En Guerre est néanmoins un film intéressant, car en dépit d’une trame globale bien connue, il montre tout de même l’envers du décor de ces mouvements sociaux : image parfois désastreuse auprès des médias et de la population, ou inversement, l’élan de solidarité généré. Mais aussi la difficulté de rencontrer des interlocuteurs crédibles, les dissensions internes quant à la stratégie à suivre, les conflits de personnalités, les manipulations de la Direction, l’épuisement quand le mouvement s’enlise…
Si Stéphane Brizé parvient le plus souvent à éviter la caricature (hormis peut-être la scène où le big boss se fait « secouer » par les ouvriers à la sortie d’une réunion), sa vision pourra néanmoins sembler manichéenne, mais probablement parce que ce type de situation l’est réellement.

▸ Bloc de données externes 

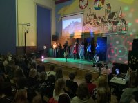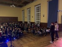 Wieczór otworzyła Pani Dyrektor Katarzyna Wach oraz szkolna grupa teatralna pod kierunkiem Pań polonistek - Katarzyny Harackiewicz i Magdaleny Gałki. Młodzież przeniosła nas w lata 20-ste. Po krótkim mini musicalu głos zabrała Przewodnicząca SU - Daria Marcisz z klasy II D.
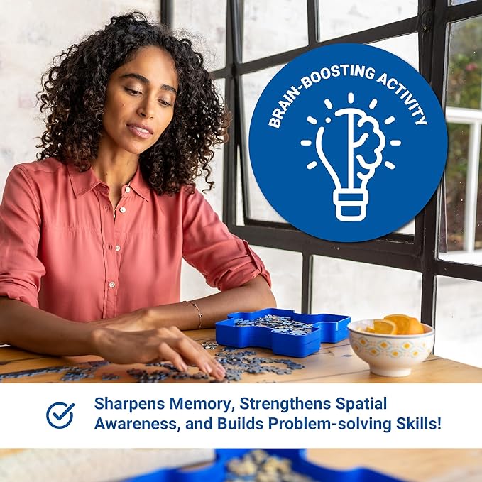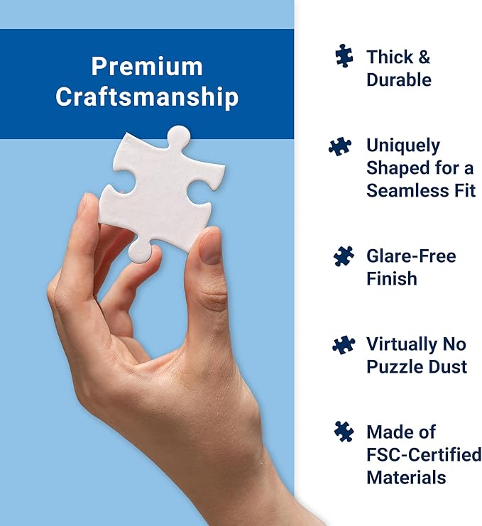 【心地良いフィット感】ラベンスバーガーのジグソーパズルは何年もかけて開発された層のない青色台紙を採用しています。適度の厚さで台紙の湾曲や劣化を防ぐとともにパズルを組み上げる際に心地良いフィット感を与えます。

En Guerre relate un sujet bien connu en France depuis 30 ans et en cela, il trouvera un fort écho auprès du public. Il a le mérite également de permettre des éclairages sur une situation dont les enjeux sont parfois mal compris et soulève la question récurrente du pouvoir réel de l’Etat dans pareil cas de figure. Il nous montre à nouveau, si besoin était, le poids de la Finance et du Marché sur nos vies quotidiennes et notamment pour ceux qui occupent les positions sociales les plus vulnérables.
Si l’ensemble aurait mérité un peu plus de chaleur, d’émotion et d’un « emballage » plus soigné (les musiques par exemple, sont vraiment décevantes), il n’en reste pas moins conseillé à ceux qui veulent un peu mieux comprendre le monde dans lequel on vit.